-- Source material --

○ ○ ○ ○ ○

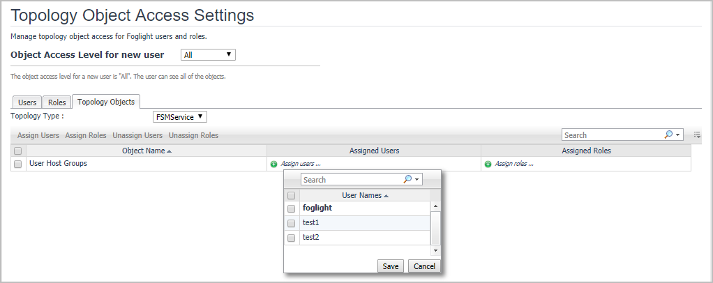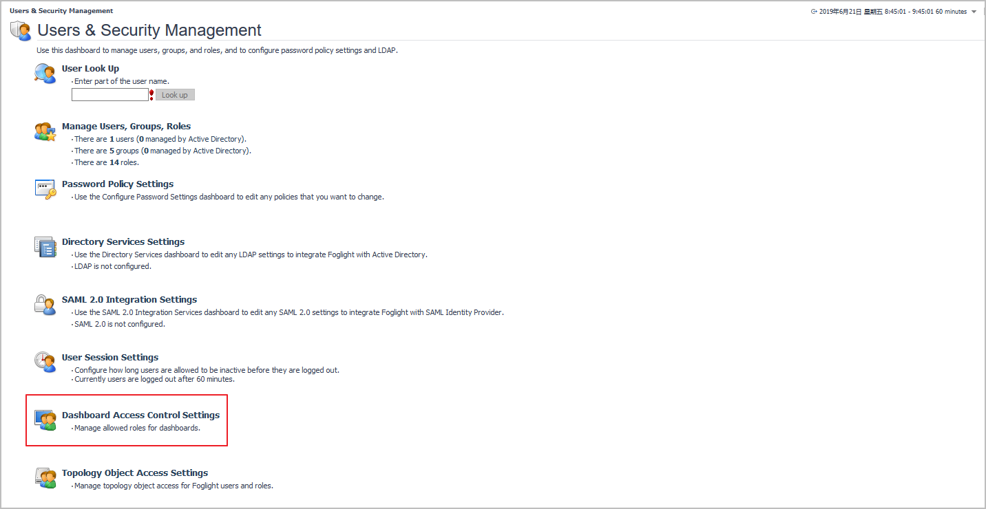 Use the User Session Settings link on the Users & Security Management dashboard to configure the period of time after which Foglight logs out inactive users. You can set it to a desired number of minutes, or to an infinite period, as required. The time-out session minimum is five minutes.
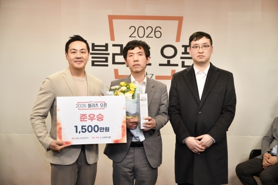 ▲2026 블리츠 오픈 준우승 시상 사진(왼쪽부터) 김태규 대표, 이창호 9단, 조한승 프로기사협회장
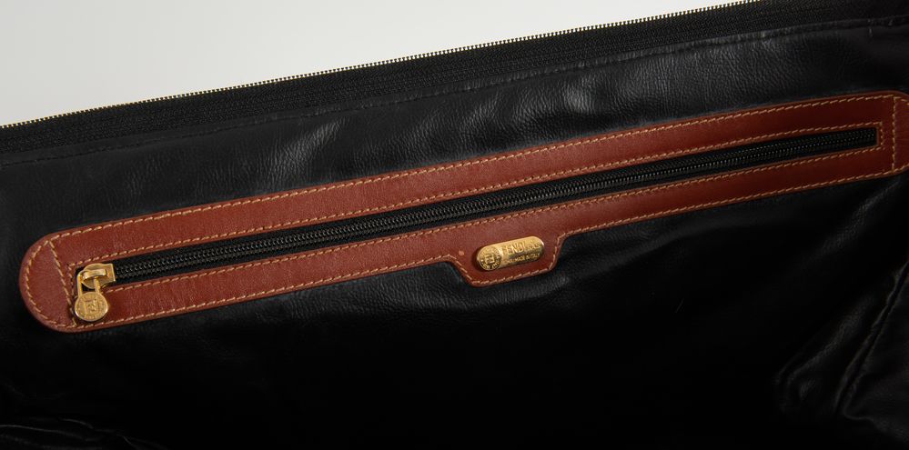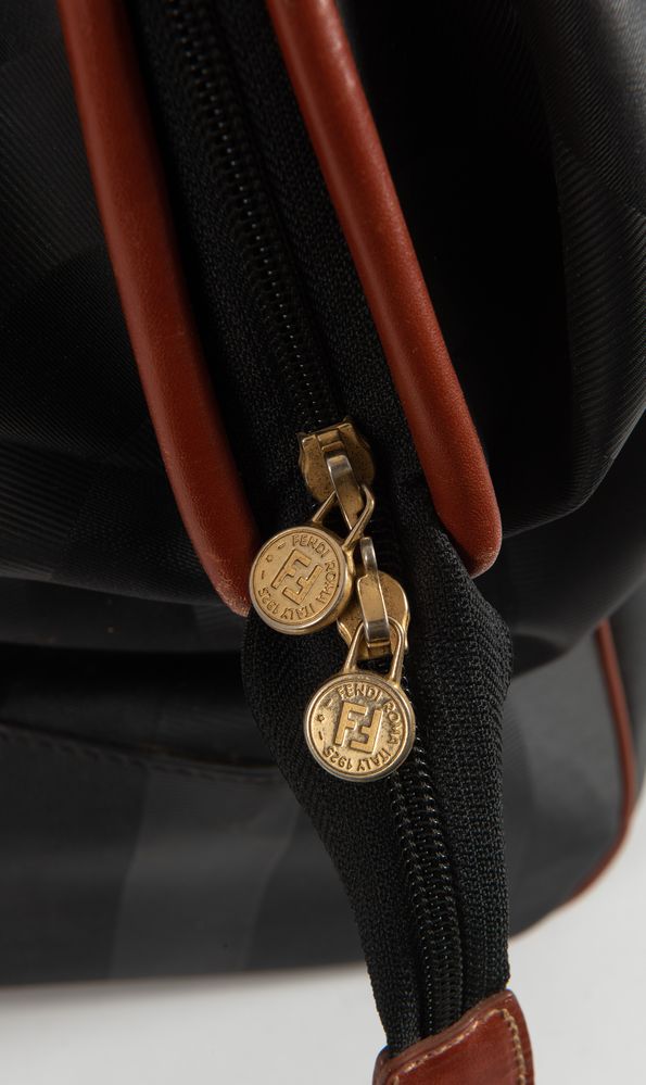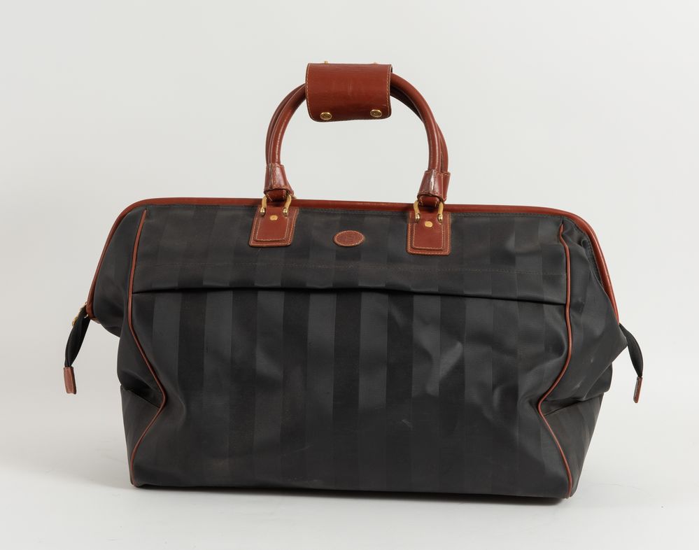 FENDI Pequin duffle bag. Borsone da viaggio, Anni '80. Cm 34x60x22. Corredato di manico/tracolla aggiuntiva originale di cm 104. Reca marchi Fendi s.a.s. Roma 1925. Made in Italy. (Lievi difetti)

○ ○ ○ ○ ○

-- Exercise description --
Reproduce everything above exactly, images excluded.

-- Solution below --
 Use the User Session Settings link on the Users & Security Management dashboard to configure the period of time after which Foglight logs out inactive users. You can set it to a desired number of minutes, or to an infinite period, as required. The time-out session minimum is five minutes.
 ▲2026 블리츠 오픈 준우승 시상 사진(왼쪽부터) 김태규 대표, 이창호 9단, 조한승 프로기사협회장
 FENDI Pequin duffle bag. Borsone da viaggio, Anni '80. Cm 34x60x22. Corredato di manico/tracolla aggiuntiva originale di cm 104. Reca marchi Fendi s.a.s. Roma 1925. Made in Italy. (Lievi difetti)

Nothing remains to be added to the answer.